• **Directions for this task**
Pictures are to be left out; otherwise, copy exactly the lines from the line containing "Ovu vilu krasi" through the end of the data.

========

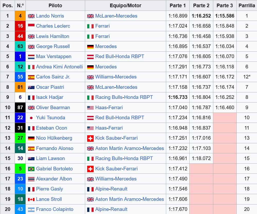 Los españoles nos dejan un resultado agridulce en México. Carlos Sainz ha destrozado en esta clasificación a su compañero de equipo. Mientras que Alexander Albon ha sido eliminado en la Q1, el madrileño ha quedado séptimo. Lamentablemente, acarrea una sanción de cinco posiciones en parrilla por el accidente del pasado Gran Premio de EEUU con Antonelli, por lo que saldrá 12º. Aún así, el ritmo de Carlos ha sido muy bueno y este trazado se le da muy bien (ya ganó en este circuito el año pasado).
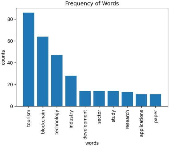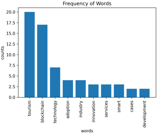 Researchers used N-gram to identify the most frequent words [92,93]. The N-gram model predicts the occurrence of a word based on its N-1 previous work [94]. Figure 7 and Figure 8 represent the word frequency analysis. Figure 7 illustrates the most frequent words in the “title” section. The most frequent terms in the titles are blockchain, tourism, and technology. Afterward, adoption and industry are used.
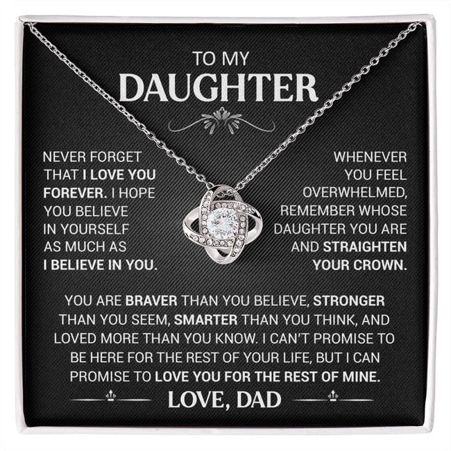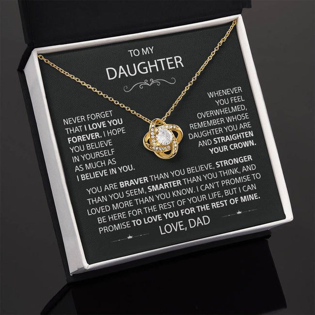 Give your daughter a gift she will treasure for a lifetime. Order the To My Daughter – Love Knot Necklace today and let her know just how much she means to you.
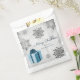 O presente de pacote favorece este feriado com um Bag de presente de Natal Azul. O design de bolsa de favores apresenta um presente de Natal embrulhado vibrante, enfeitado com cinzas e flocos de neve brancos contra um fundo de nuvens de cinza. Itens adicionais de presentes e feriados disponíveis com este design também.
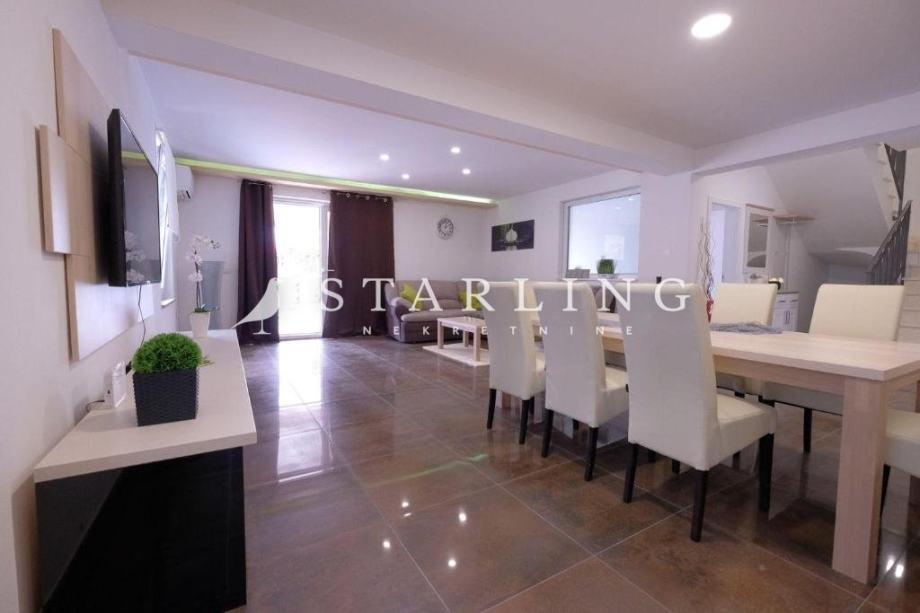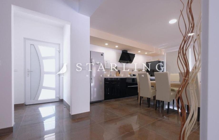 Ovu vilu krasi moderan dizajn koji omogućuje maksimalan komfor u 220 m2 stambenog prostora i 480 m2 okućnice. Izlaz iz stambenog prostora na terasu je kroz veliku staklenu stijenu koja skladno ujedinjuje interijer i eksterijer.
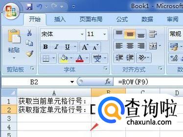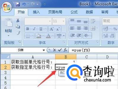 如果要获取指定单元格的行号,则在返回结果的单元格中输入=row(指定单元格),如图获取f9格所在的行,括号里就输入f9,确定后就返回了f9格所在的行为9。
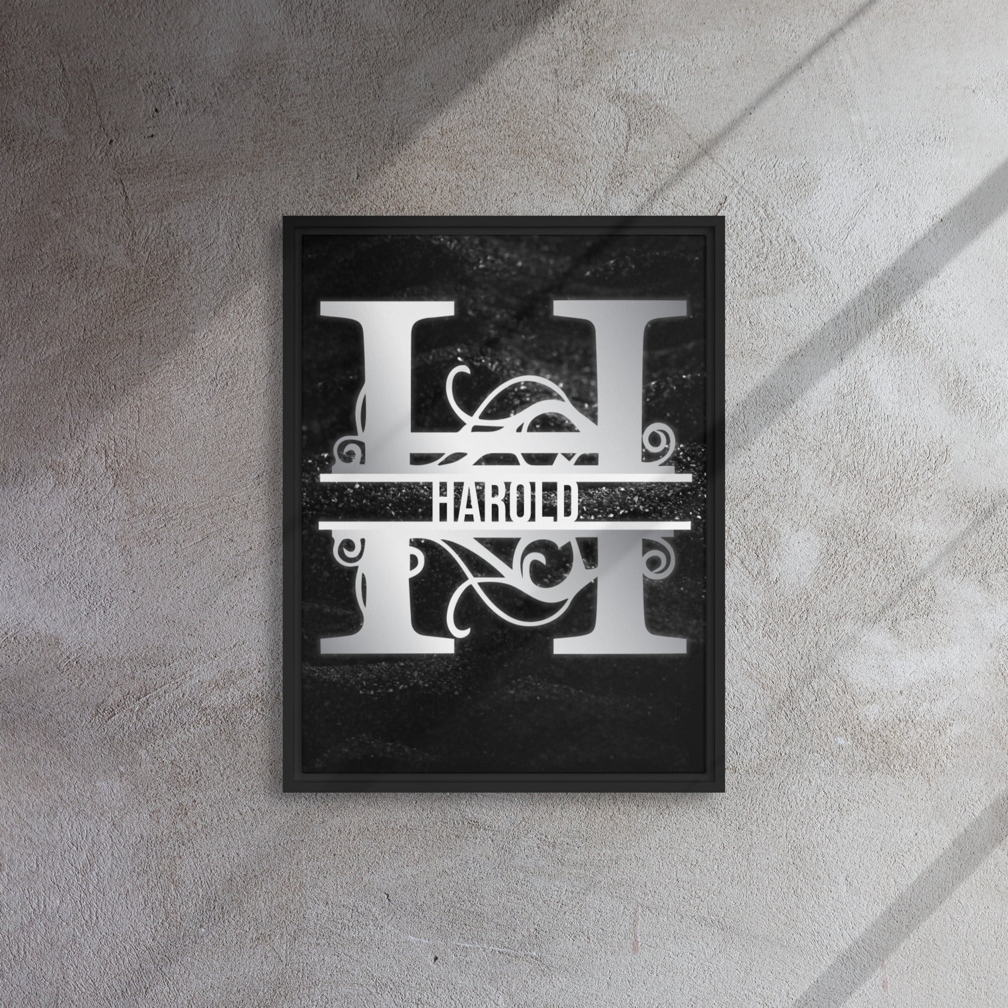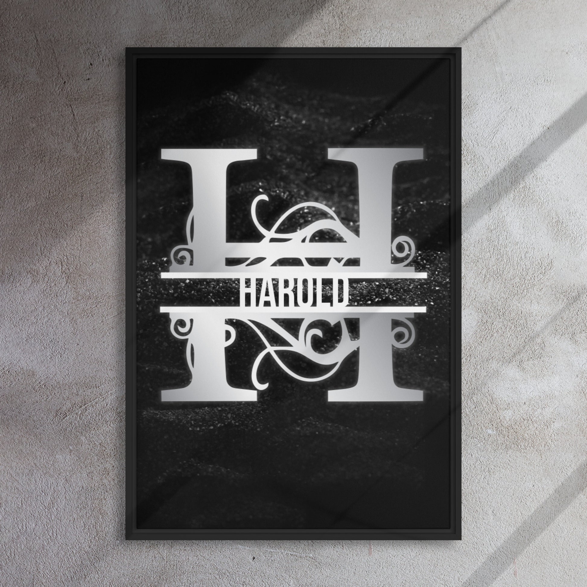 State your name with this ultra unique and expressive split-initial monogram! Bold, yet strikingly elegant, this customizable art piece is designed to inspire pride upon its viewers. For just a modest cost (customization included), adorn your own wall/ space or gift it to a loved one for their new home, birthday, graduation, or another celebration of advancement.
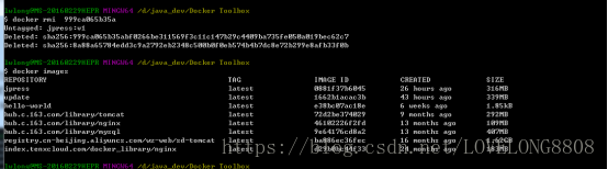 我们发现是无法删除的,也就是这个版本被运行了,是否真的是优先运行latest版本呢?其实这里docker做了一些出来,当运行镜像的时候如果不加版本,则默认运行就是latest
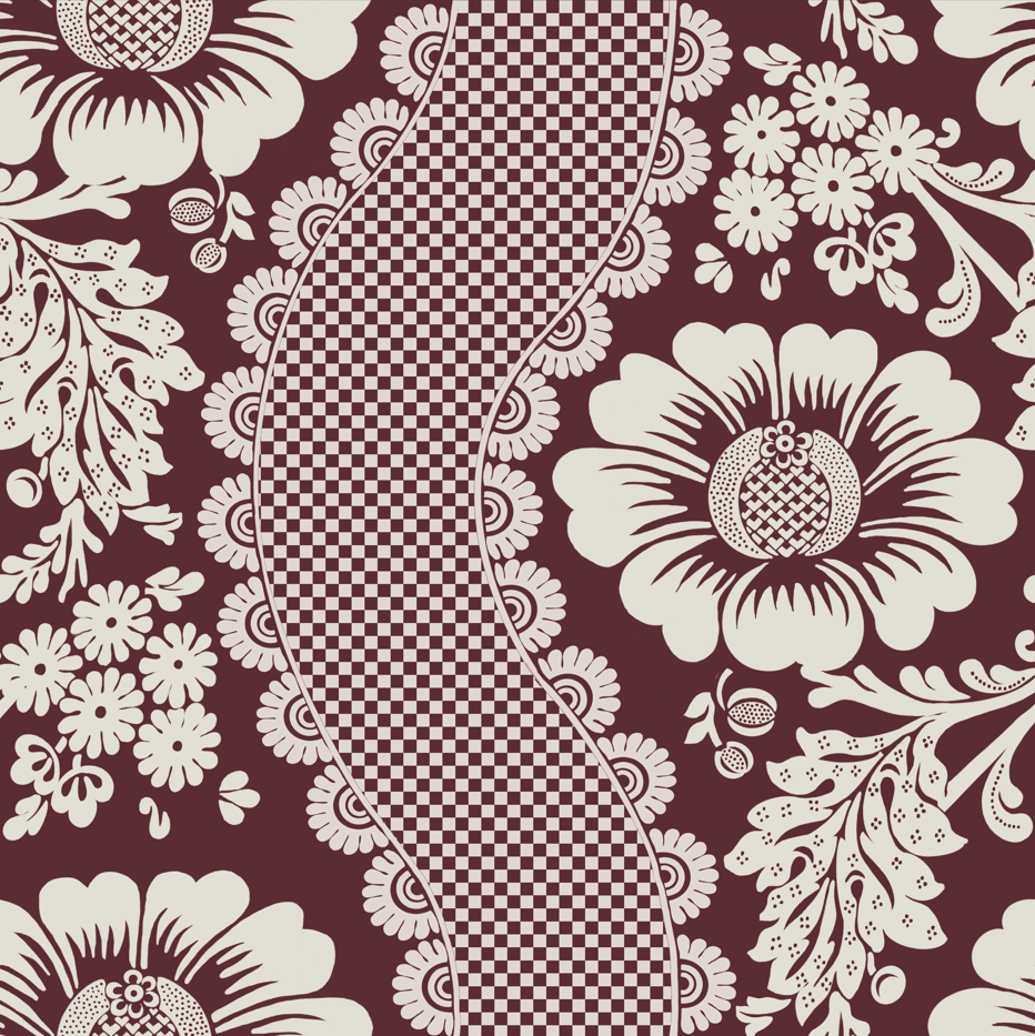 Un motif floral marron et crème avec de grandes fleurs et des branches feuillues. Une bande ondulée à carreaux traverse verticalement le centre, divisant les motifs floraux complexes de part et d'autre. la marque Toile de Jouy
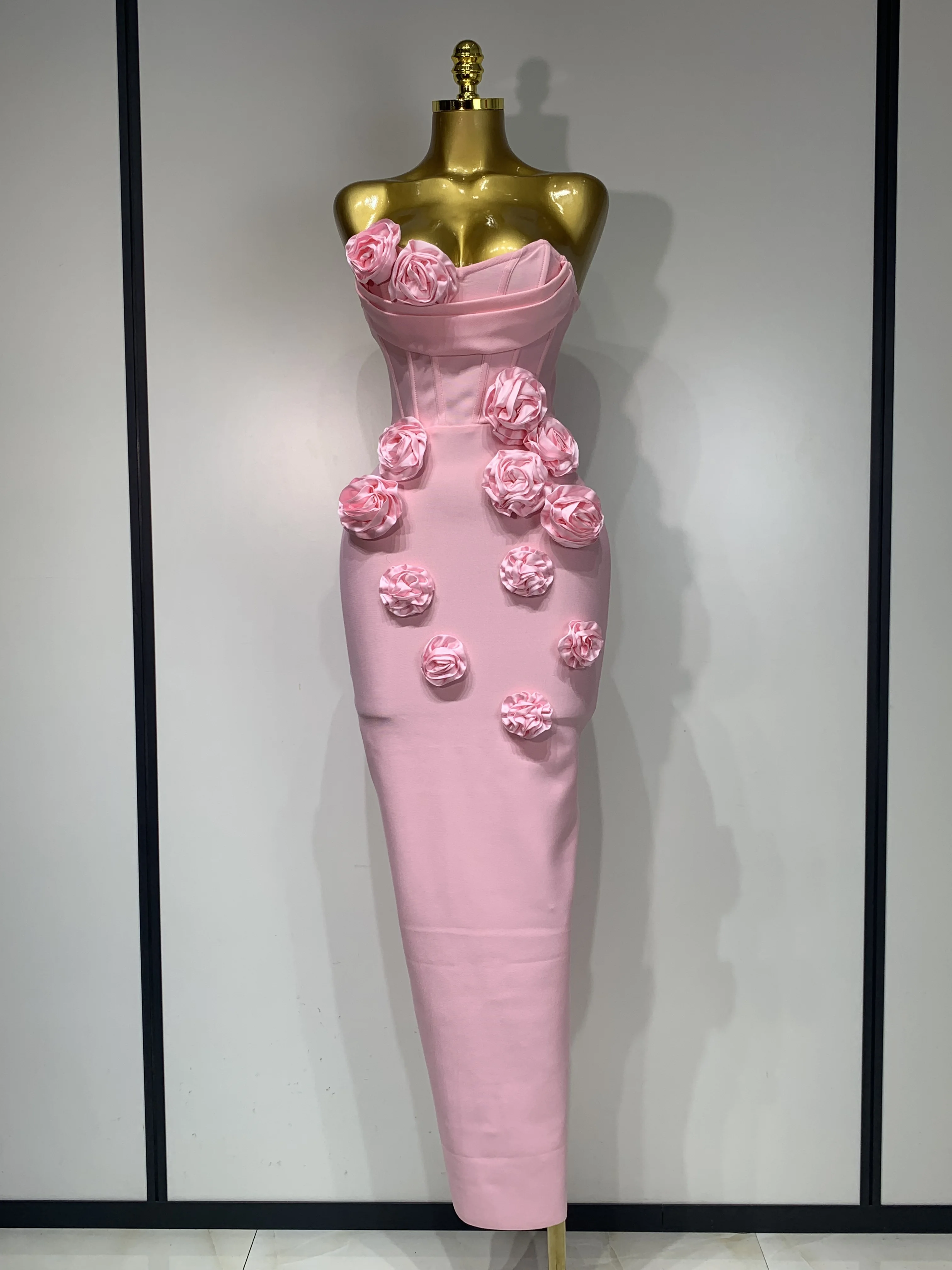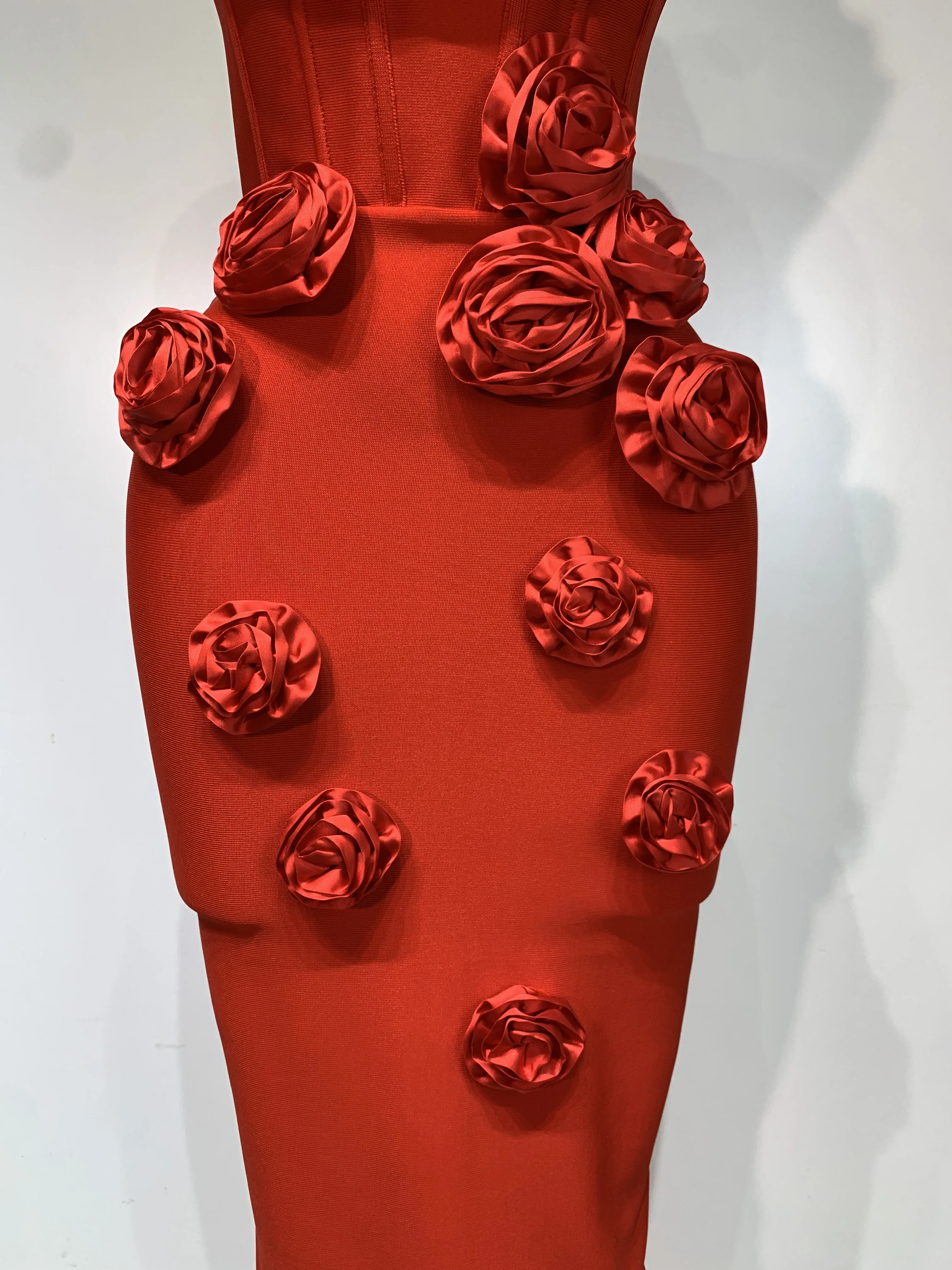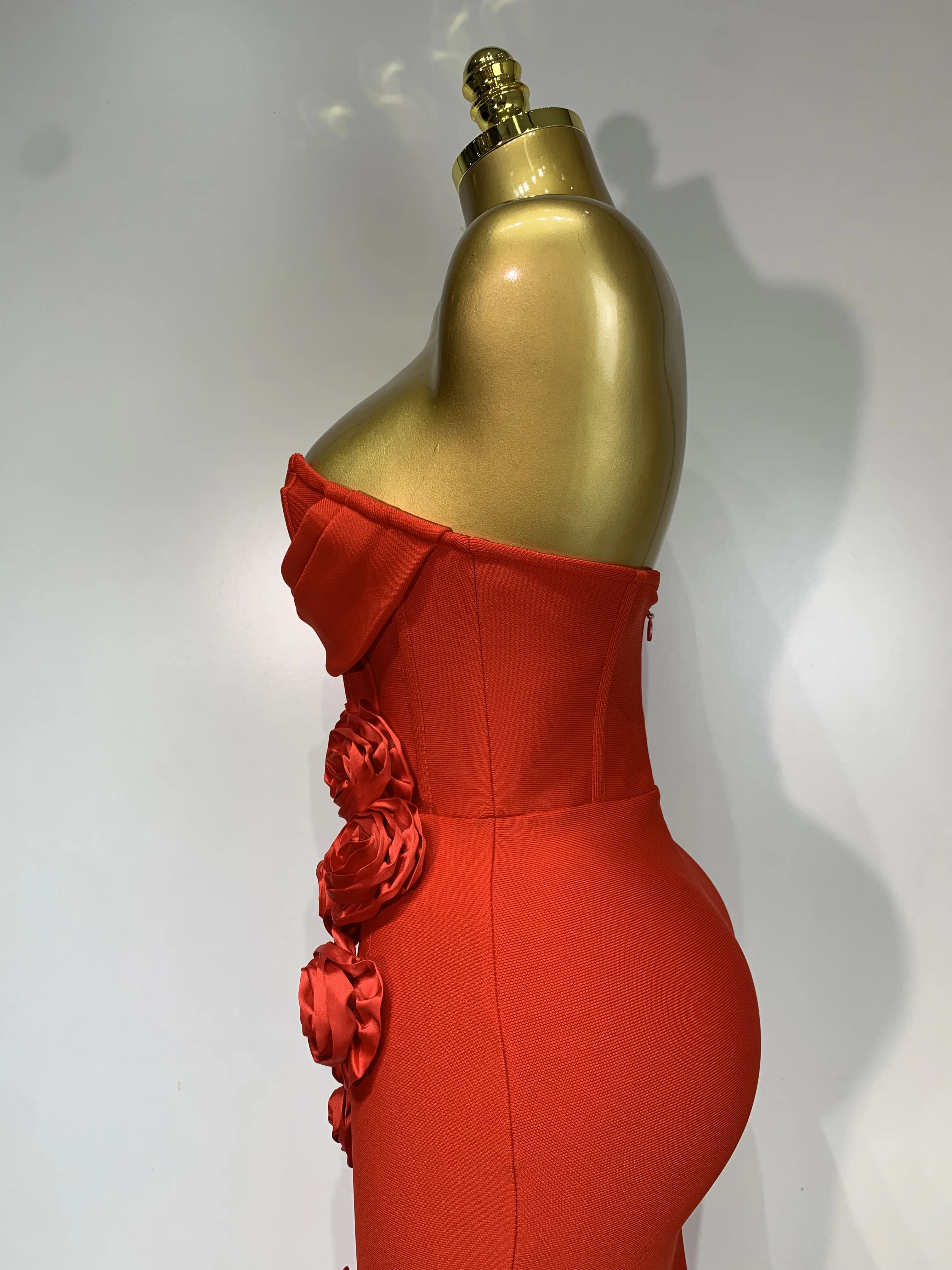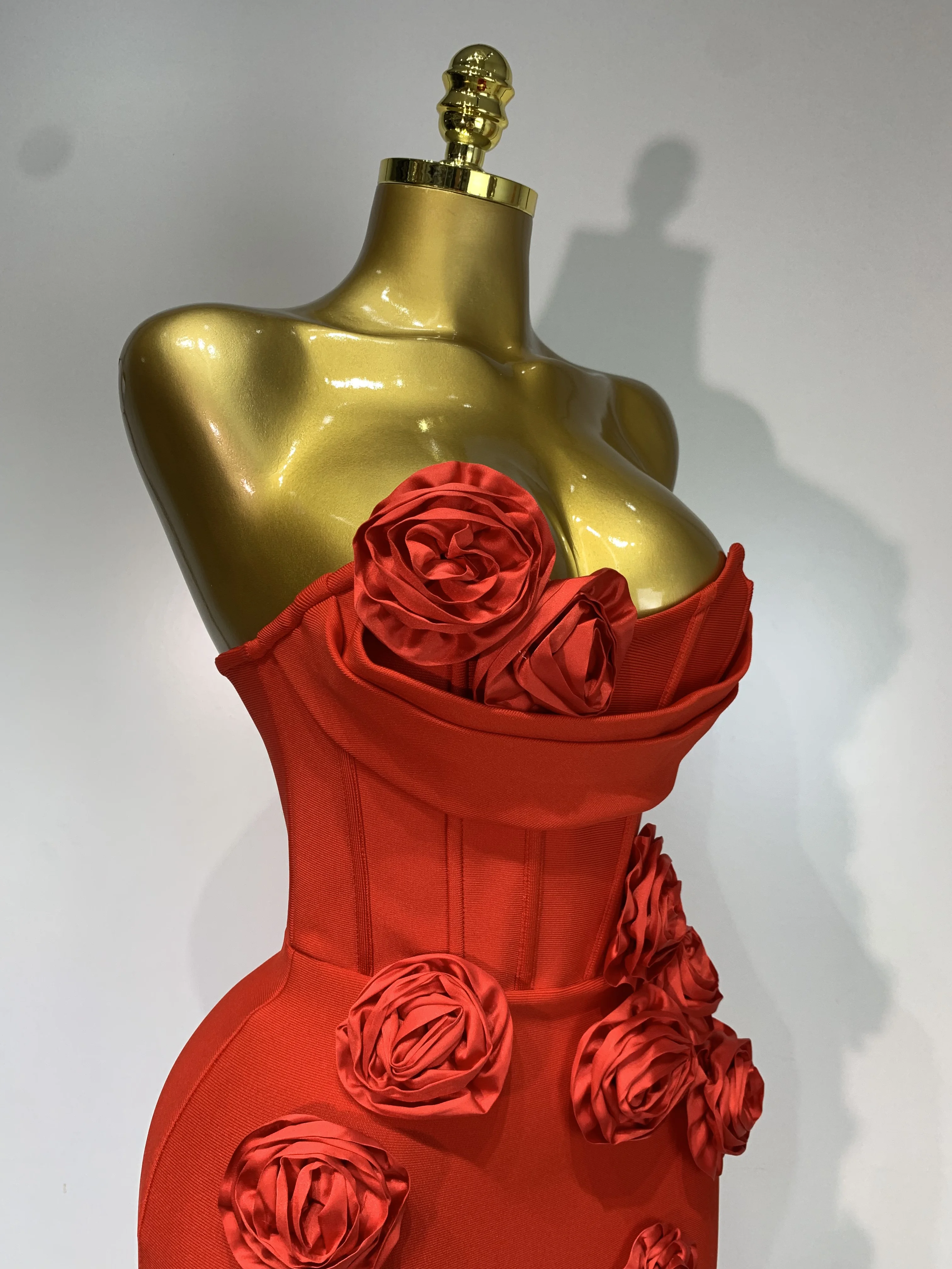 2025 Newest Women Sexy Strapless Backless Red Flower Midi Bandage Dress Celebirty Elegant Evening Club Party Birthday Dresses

========

• **Result of this task**
 Ovu vilu krasi moderan dizajn koji omogućuje maksimalan komfor u 220 m2 stambenog prostora i 480 m2 okućnice. Izlaz iz stambenog prostora na terasu je kroz veliku staklenu stijenu koja skladno ujedinjuje interijer i eksterijer.
 如果要获取指定单元格的行号,则在返回结果的单元格中输入=row(指定单元格),如图获取f9格所在的行,括号里就输入f9,确定后就返回了f9格所在的行为9。
 State your name with this ultra unique and expressive split-initial monogram! Bold, yet strikingly elegant, this customizable art piece is designed to inspire pride upon its viewers. For just a modest cost (customization included), adorn your own wall/ space or gift it to a loved one for their new home, birthday, graduation, or another celebration of advancement.
 我们发现是无法删除的,也就是这个版本被运行了,是否真的是优先运行latest版本呢?其实这里docker做了一些出来,当运行镜像的时候如果不加版本,则默认运行就是latest
 Un motif floral marron et crème avec de grandes fleurs et des branches feuillues. Une bande ondulée à carreaux traverse verticalement le centre, divisant les motifs floraux complexes de part et d'autre. la marque Toile de Jouy
 2025 Newest Women Sexy Strapless Backless Red Flower Midi Bandage Dress Celebirty Elegant Evening Club Party Birthday Dresses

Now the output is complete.